May 2, 2008

Delete Twitter Direct Messages

*****

This is a hack.
This is not guaranteed to work.
Twitter may change their website at any time.
I am not responsible if something breaks or you decide to delete all your DM’s.
Nor am I responsible if your friends get mad at you for deleting your sent DM’s from their Inbox.

*****

That being said, I’d like to introduce my DM Whacker, DM Deleter, DM Sniper, whatever you want to call it I created a tool to delete your direct messages en-masse on Twitter. After the recent debacle regarding direct messages being exposed, I definitely saw a need amongst some Tweeters do delete their direct messages.

I need to thank @chris4403 who posted his awesome Twitter Translate bookmarklet recently. Were it not for that, I would not have had the motivation nor the codebase off which to build my first bookmarklet.

With that introduction, I’d like to point you in the direction of the new DM Deleter. Simply drag the link that’s in that page up to your Firefox or Safari bookmark bar, navigate to your direct messages, click the bookmark and select your options to delete your DM’s once and for all. The tool allows you to delete all of your messages, or just messages from certain friends.

My apologies for the additional link, but I just wanted to reinforce the point that this tool will delete your direct messages forever. So, use it with care.

Feedback welcome. The ability to delete sent messages will be added in as well soonhas been added in version 0.2.4.

April 27, 2008

Twitter Reputation Statistics

OK, I figure it’s time to throw my hat into the ring.

I’ve posted in the past about Twitter spam and I run what I think to be a pretty fun website about Twitter Stats, but there seems to be a lot of conversation recently about Twitter and the noise ratio.

Obviously, people are trying to figure out how best to use Twitter given its recent surge in popularity and accompanying spaminess. Louis Gray made a blog post about his noise ratio and Stowe Boyd followed up with a post about the noise ratio and conversational index, but there’s one thing that seems to be common across both these posts:

There is a super-fantastic problem in that both posts discuss one, one ratio!

That’s right - one ratio to describe the entire activity of Twitterites. One ratio to rule them all, one ratio to find them, one ratio to bring them all and in the darkness bind them.

OK, perhaps these posts were intended to be their own personal way of determining a proper reputation structure on Twitter, but there is so much more data available to play with. Shall we? Yes, let’s take a look at all the numbers we have to play with:

  • Friends
  • Followers
  • Favorites
  • Updates
  • Date joined Twitter
  • Number of updates over time
  • Number of updates in the past month vs. when the first joined Twitter
  • % of updates that contain links
  • % of updates that are replies
  • Number of mentions of the word “awesome”

These are just a few of the numbers that Twitter provides and while the noise ratio is a nice statistics, it is most definitely not a holistic means of providing a method by which to rate the reputation of a Twitter user. And there never will be such a means. Myself and @wardspan had a conversation this evening where we discussed the top three things we use to determine if we’re going to follow somebody. I think we only shared one in common of our top 3 and we tend to be pretty similar-minded. But we use Twitter for different reasons.
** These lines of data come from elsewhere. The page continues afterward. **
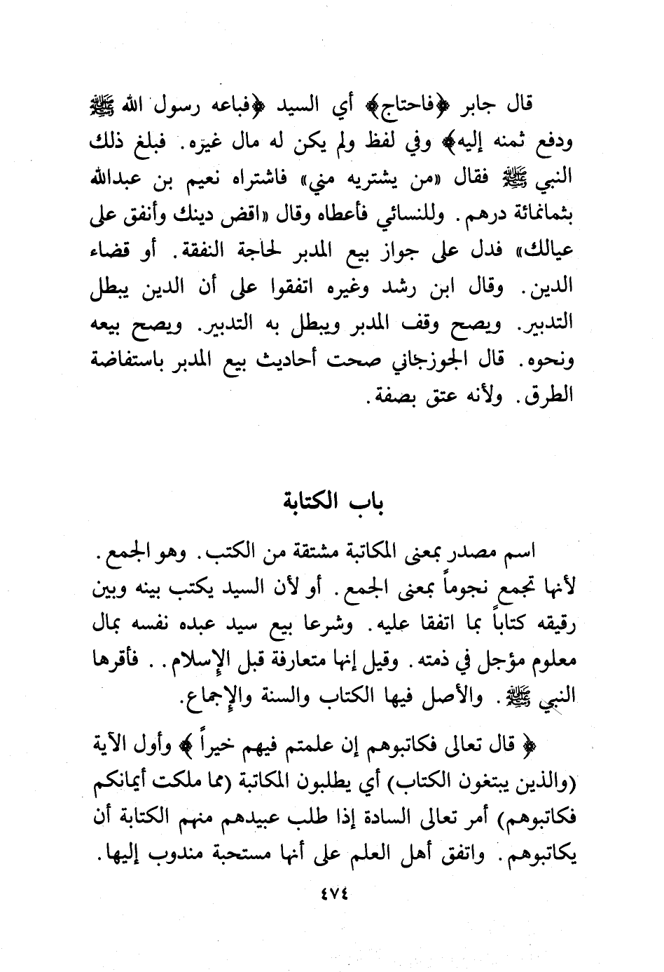 قال تعالى: {فَكَاتِبُوهُمْ إِنْ عَلِمْتُمْ فِيهِمْ خَيْرًا} وأول الآية {وَالَّذِينَ يَبْتَغُونَ الْكِتَابَ} أي يطلبون المكاتبة {مِمَّا مَلَكَتْ أَيْمَانُكُمْ فَكَاتِبُوهُمْ} أمر تعالى السادة إذا طلب عبيدهم منهم الكتابة
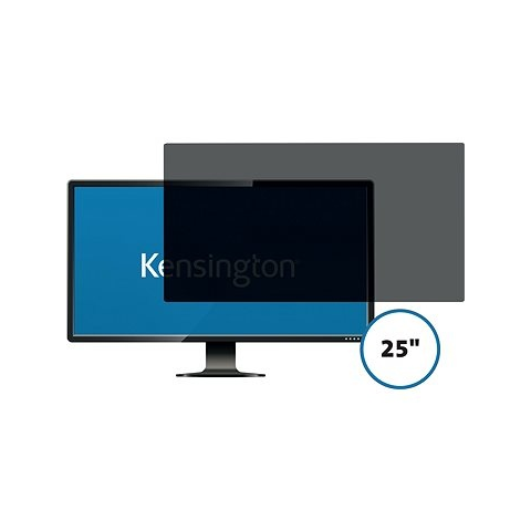 Monitorszűrő - 25"-es monitorhoz 16:9 képarányban, kétirányú, kétoldalas - matt és fényes oldal, beépítési lehetőség: állandó és eltávolítható, +/- 30°-ra csökkenti a látószöget, akár 42%-kal kevesebb kékfény, véd a kopástól és a kijelző sérülésétől, foltoktól és ujjlenyomatoktól, méretek: 554 × 312 × 0,39 mm (Szé × Ma × Mé) Bízz a Kensingtonban, amely adatvédelmi szűrővel védi a monitor képernyőjén megjelenő érzékeny adatokat! Az adatv
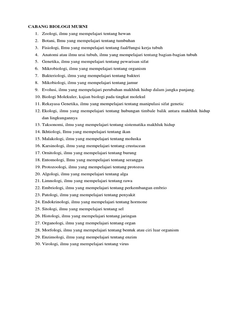100 Cabang Biologi Dan Artinya Docx. Pada cabang ilmu biologi ini, kamu akan mempelajari tentang gen, materi genetik (dna dan rna) 13. Apa yang kamu pikirkan ketika mendengar kata virus? Virologi memiliki posisi strategis dalam kehidupan dan banyak dipelajari karena bermanfaat bagi industri. Cabang ilmu biologi yang mempelajari tentang pewarisan sifat itu disebut genetika. Ilmu biologi banyak dipelajari dan penting dalam kaitannya. Mungkin di antara kamu banyak. Virologi ialah cabang biologi yang mempelajari makhluk suborganisme, terutama virus. Keberadaan virus seringkali membawa dampak negatif bagi inang. Virologi ialah cabang biologi yang mempelajari makhluk suborganisme, terutama virus. Dalam perkembangannya, selain virus ditemukan pula. Belajar dan persiapan ujian dari rumah jadi semakin mudah. Virologi ilmu yang mempelajari tentang virus. Kalian pastinya pernah mempelajari tentang ekosistem atau 17. Mahluk hidup lain yang sering kita dengar namun belum pernah kita lihat secara. Kedua kelompok ini saat ini juga masih menjadi bidang kajian virologi.
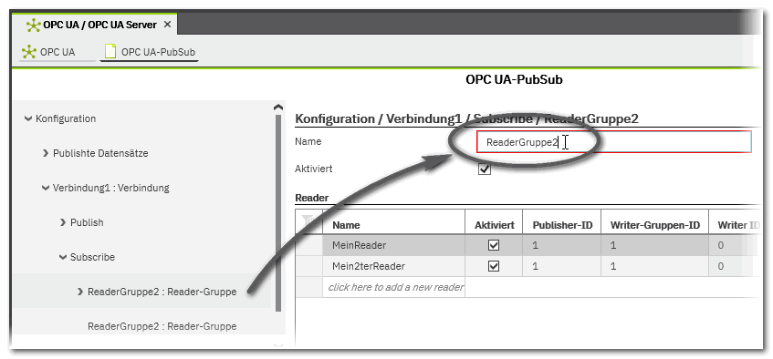 OPC UA PubSub-Konfigurationsfehler (PLCN0032): '...': Der Name der Reader-Gruppe muss innerhalb der Konfiguration eindeutig sein.
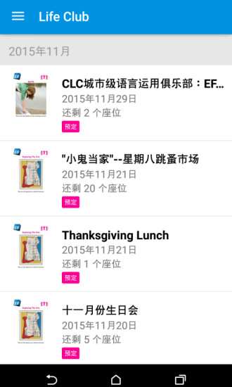 5、获知当前的Life Club活动信息并方便快捷的预定
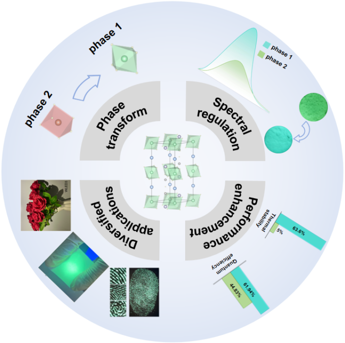 晶体场工程加速了Ce3+离子掺杂青色荧光粉的发现进程,但其结构与性能之间的关联仍不明确。团队通过K3YSi2O7基质相变将Ce3+离子发光从绿色调控至理想青色,同时将热稳定性从423 K时的5%提升至63.6%,内量子效率也从44.8%跃升至61.9%。这种相变过程将Ce3+离子重新定向掺杂到更稳定的晶格位点,有效抑制了电子-声子耦合效应和非辐射损耗。优化后的荧光粉K3Ca0.3Y0.7Si2O7:Ce3+填补了白色LED中的青色光谱间隙,使显色指数从84.9提升至97.1,并成功制备出高热稳定性的青色聚二甲基硅氧烷薄膜。此外,优化后的荧光粉成功的被应用于潜在指纹检测领域。本研究不仅开发出高性能的青色荧光粉,更阐明了晶体场工程调控Ce3+离子发光的内在机制。
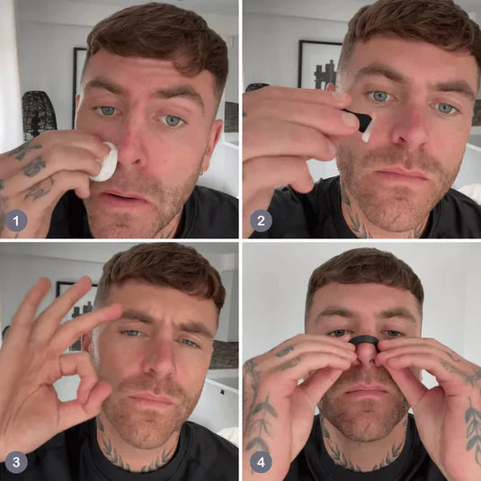 Rengör näsan från oljor och smuts, placera sedan klistermagneterna på vardera sida. Fäst därefter BreathClip försiktigt på näsan. Den kan användas både dag- och nattetid beroende på behov. Efter användning rengörs produkten enkelt med vatten och mild tvål innan den förvaras i asken.
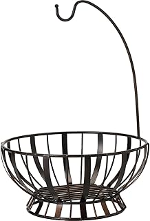 Gourmet Basics by Mikasa Stripe Fruit Metal Basket with Banana Hanger, Antique Black by Gourmet Basics by Mikasa
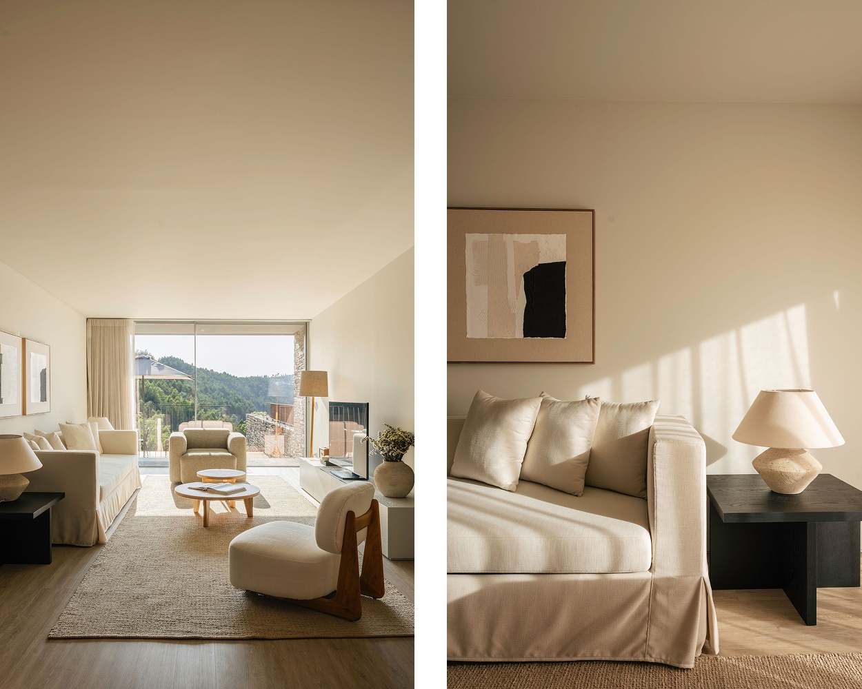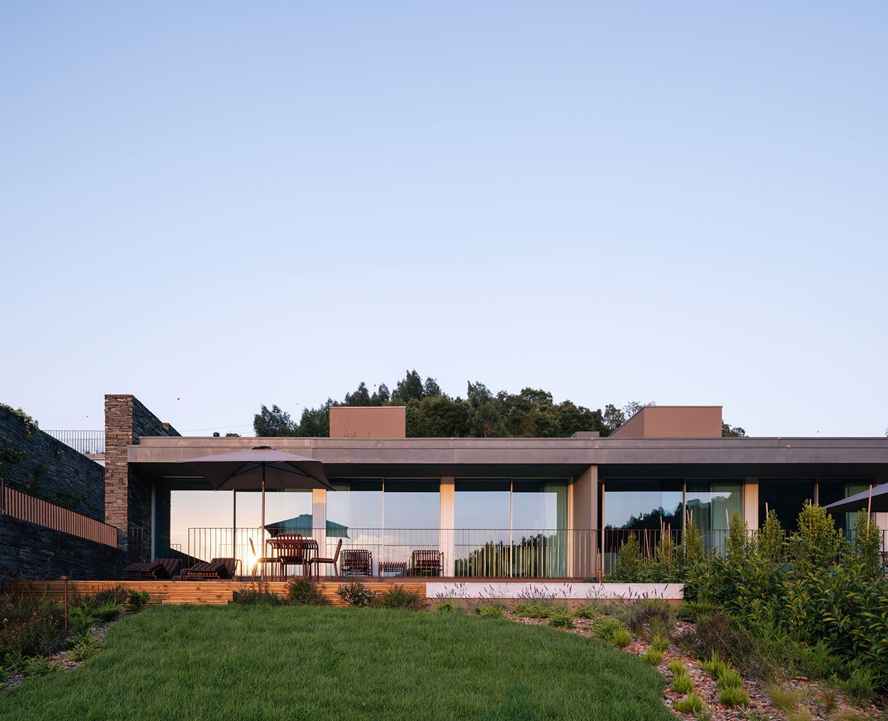 The new chapter includes 16 one-bedroom and four two-bedroom split-level residences, bringing the total to 79 keys. These aren’t typical guest rooms; they are residential-style dwellings where the boundary between interior and landscape is intentionally thin—floor-to-ceiling glass is a constant throughout, in the rooms, common spaces, and restaurants, orienting every vantage point toward the river and vine-covered hillsides.

And it is with this post that I call out for a reasonable reputation system across our many services. Twitter is one such example, but there have been others in the past (yes, those other social networks) that have dealt with the same reputational issue, not to mention spam.

And it’s not getting better. I signed up for FriendFeed today and created a profile of my real self’s online activity. The scary thing is…I could have created the same profile for anybody else and the question to ask yourself is would anybody have known any better? In addition, in their case - does it even matter? Or are they redirecting their trust to the other systems they are using to generate their content.
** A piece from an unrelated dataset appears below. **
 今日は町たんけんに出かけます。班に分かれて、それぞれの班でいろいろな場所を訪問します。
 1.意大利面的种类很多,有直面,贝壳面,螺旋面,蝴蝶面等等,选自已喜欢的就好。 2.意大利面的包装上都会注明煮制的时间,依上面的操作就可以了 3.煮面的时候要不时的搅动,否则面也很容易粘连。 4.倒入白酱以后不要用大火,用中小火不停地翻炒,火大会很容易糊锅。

Just imagine, if we could create a reliable reputation system across the services that we use to provide us with better and more interesting, targeted content on a daily basis. If only…

April 16, 2008

Addressing Twitter Spam Through Statistical Analysis

A brief update - top 3 things that can be done to help users weed out spam:

  1. Make the block functionality more accessible - did you find it underneath the “Following” legend?
  2. Provide basic stats about a user in the notification email - location, bio and some ratio information
  3. Use backend monitoring/analysis to `killall -9` spammer accounts (block ratio, usage trends indicative of automation, etc)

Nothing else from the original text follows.